Only 6% of the annual budget of the EU (€145bn in 2015) is spent on running costs for all institutions. 94% of it funds real activities on the ground

Apart from its roles as enforcer of EU law and allocator and supervisor of EU funding, the European Commission is the only EU institution responsible for proposing new law, that will be then adopted by the European Parliament and the Council. This gives to the Commission a great agenda-setting power, even though many legislations are introduced at the behest of the Council or the Parliament. Still, when the Commission proposes legislation, it has to follow the principles of Better Regulation which include ensuring effectiveness, efficiency, relevance, coherence, and EU added value. Furthermore, the Commission is committed to high standards of stakeholder consultation, making sure that interested parties can provide their feedback and expertise on a given proposal even before it has been published. Associations like the EBAA play an important role in providing the Commission with informative elements and relevant evidence on the initiatives they are about to propose, therefore shaping new initiatives from an early stage.

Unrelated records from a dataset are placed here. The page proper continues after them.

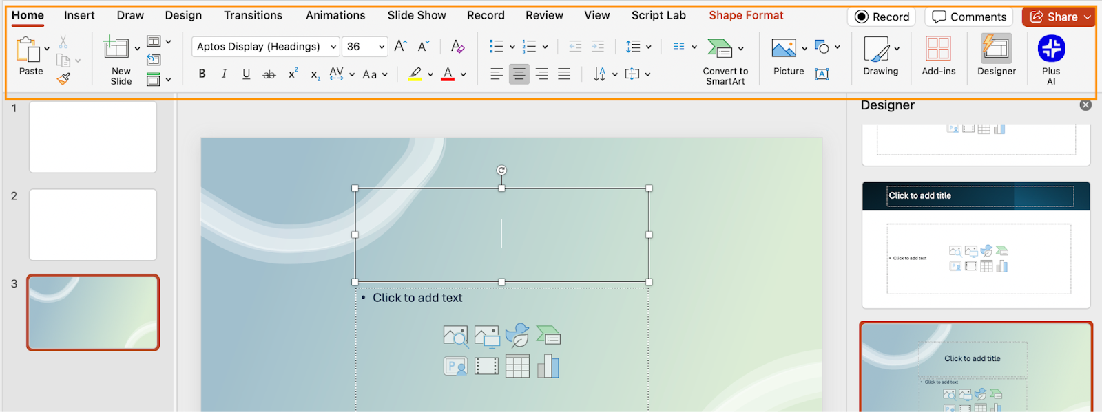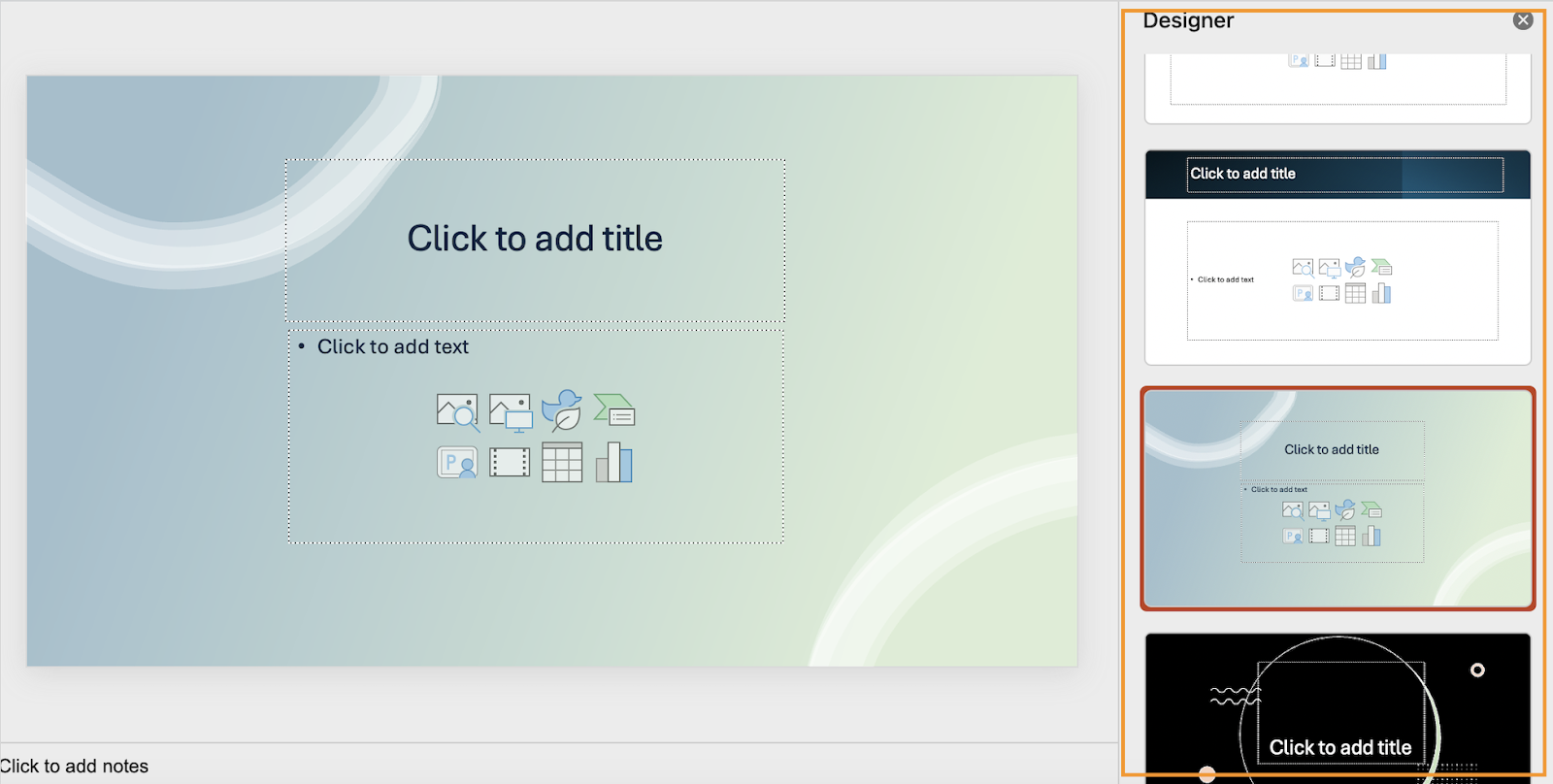 PowerPoint’s most vital design feature is the Designer. This AI-powered feature is configured to automatically generate and suggest themes and layouts based on the text you type on the slide and the graphics you add. In theory, it means that your selection of themes is virtually unlimited. In practice, it’s not always so.
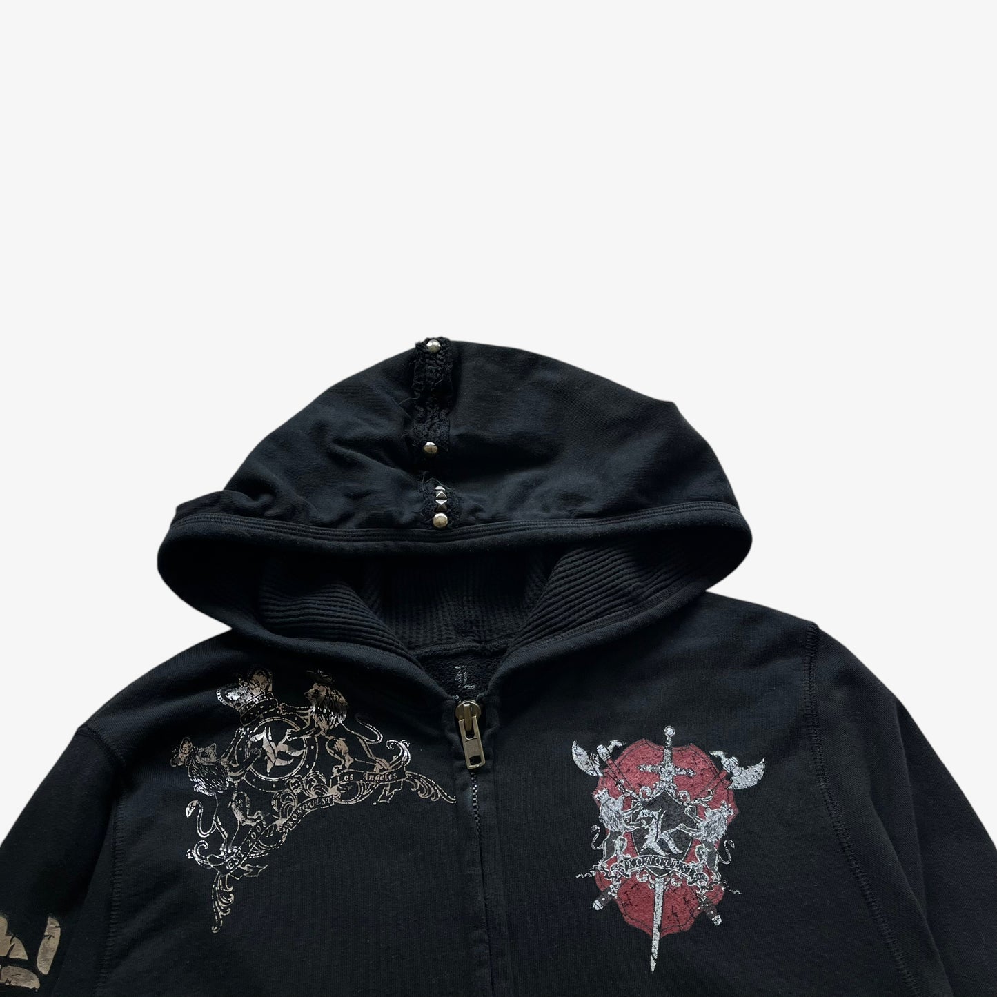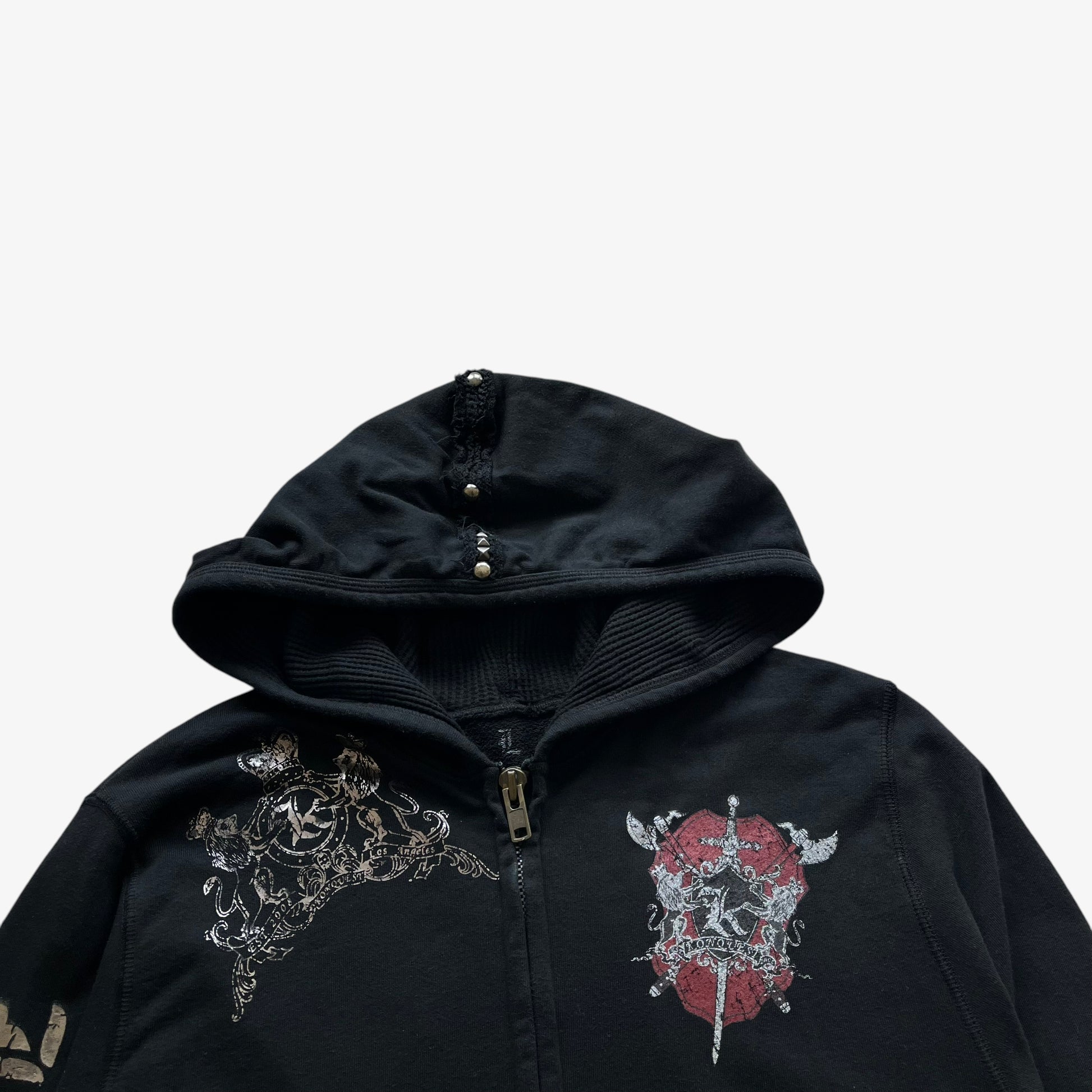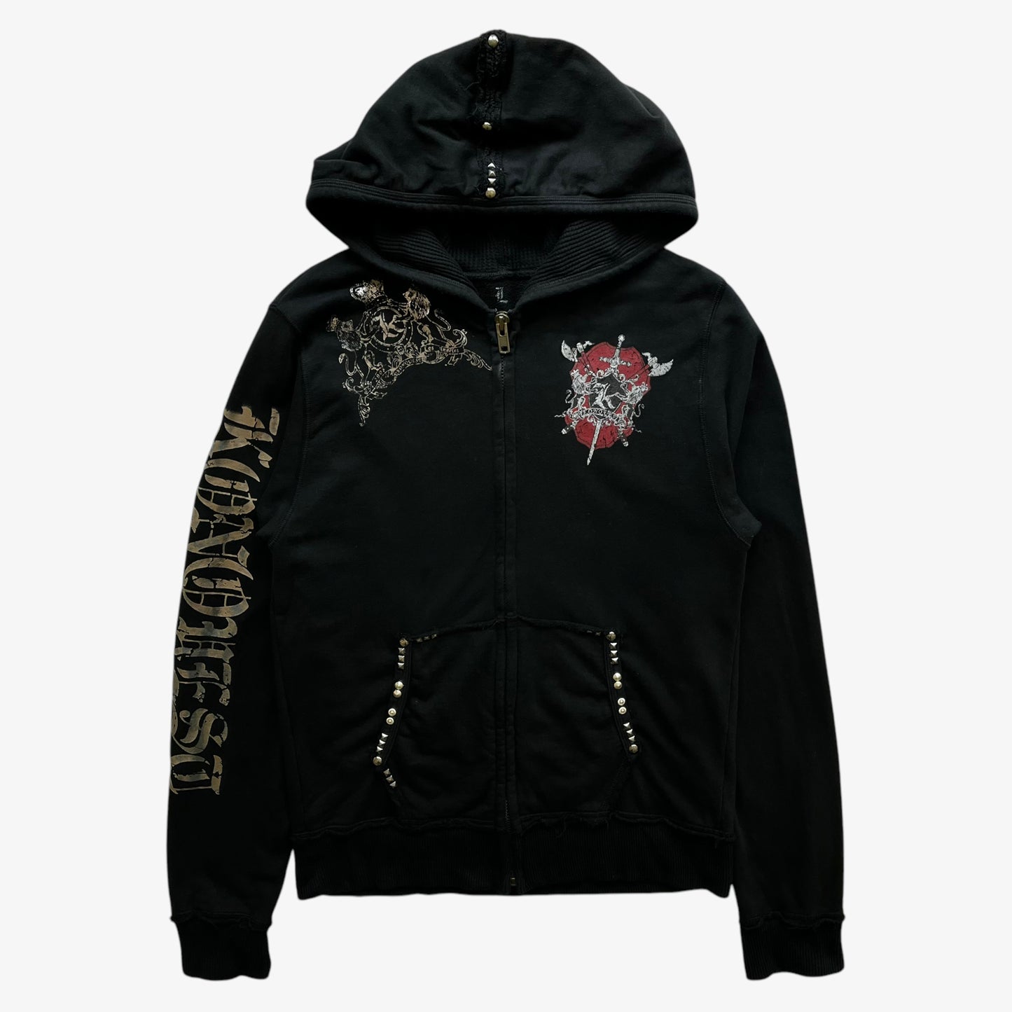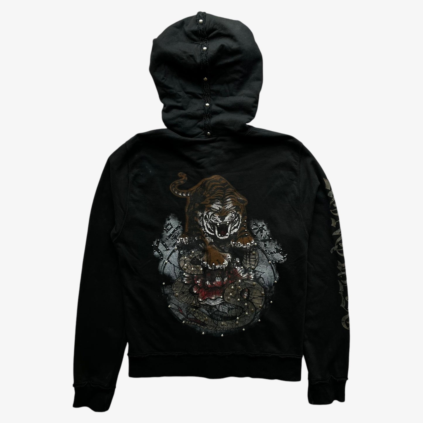 Vintage Y2K Men's Konquest Studded Tiger And Snake Double Sided Print Black Hooded Jacket.
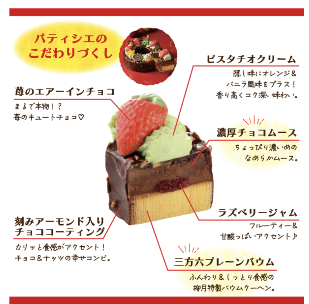 柳月の大定番、三方六プレーンの生地に、ラズベリージャムを絞り、上からチョコムースを流し込みました。 刻みアーモンド入りのチョコレートでコーティングし、ピスタチオクリームを絞り、色とりどりのチョコレート、ピスタチオをちらしてリースのように仕上げました。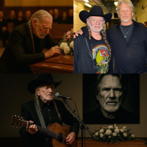 At the funeral of Kris Kristofferson, the chapel was filled with old friends, quiet tears, and the weight of a thousand songs. When Willie Nelson slowly stepped forward—his frame frail, guitar in hand—all eyes turned to him.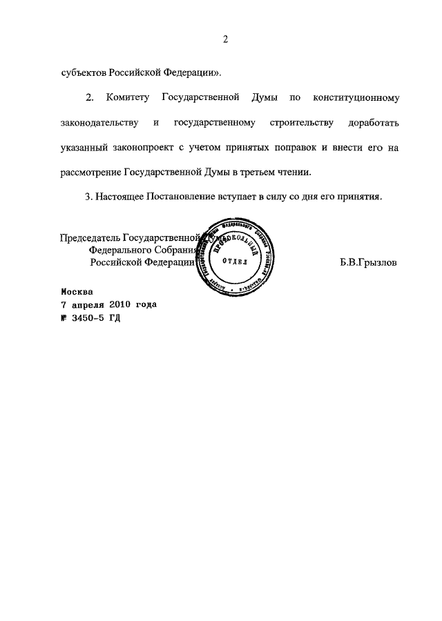 ПОСТАНОВЛЕНИЕ ГД ФС РФ от 07.04.2010 N 3450-5 ГД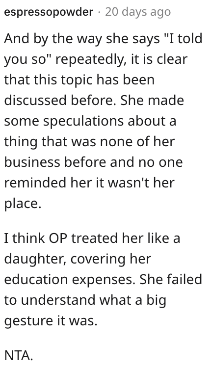 And this individual said it sounds like ths didn’t appreciate how big this gesture was from her uncle.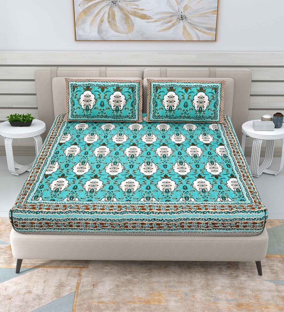 Blue Traditional 144 TC Cotton Double Queen Bedsheet With 2 Pillow Covers

The European Commission, located in Brussels, Belgium
The European Commission, located in Brussels, Belgium

The European Parliament

After having looked at the role and functioning of the European Commission in the last edition of the Bulletin, we will explore this time the European Parliament, its composition and its role in the co-decision procedure, and what this implies for stakeholders like the EBAA and its members.

The European Parliament is the only institution of the European Union directly elected by the population of the EU every five years. It is composed of 751 MEPs who are divided between Member States, proportionally to the size of their population. However, within the European Parliament, MEPs are not grouped by nationality but by political affiliation.


Did you know?
The European Parliament is the largest trans-national democratic electorate in the world

The Parliament is constituted of 20 committees and 2 subcommittees, that are all responsible of one particular area of competencies (e.g. Transport & Tourism Committee, Environment Public Health & Food Safety Committee, …). These committees examine the proposed legislations by the European Commission, alongside the Council of the European Union as part of the co-decision procedure, which is the most common legislative process. This means in practice that both institutions share equal powers to adopt legislative proposals.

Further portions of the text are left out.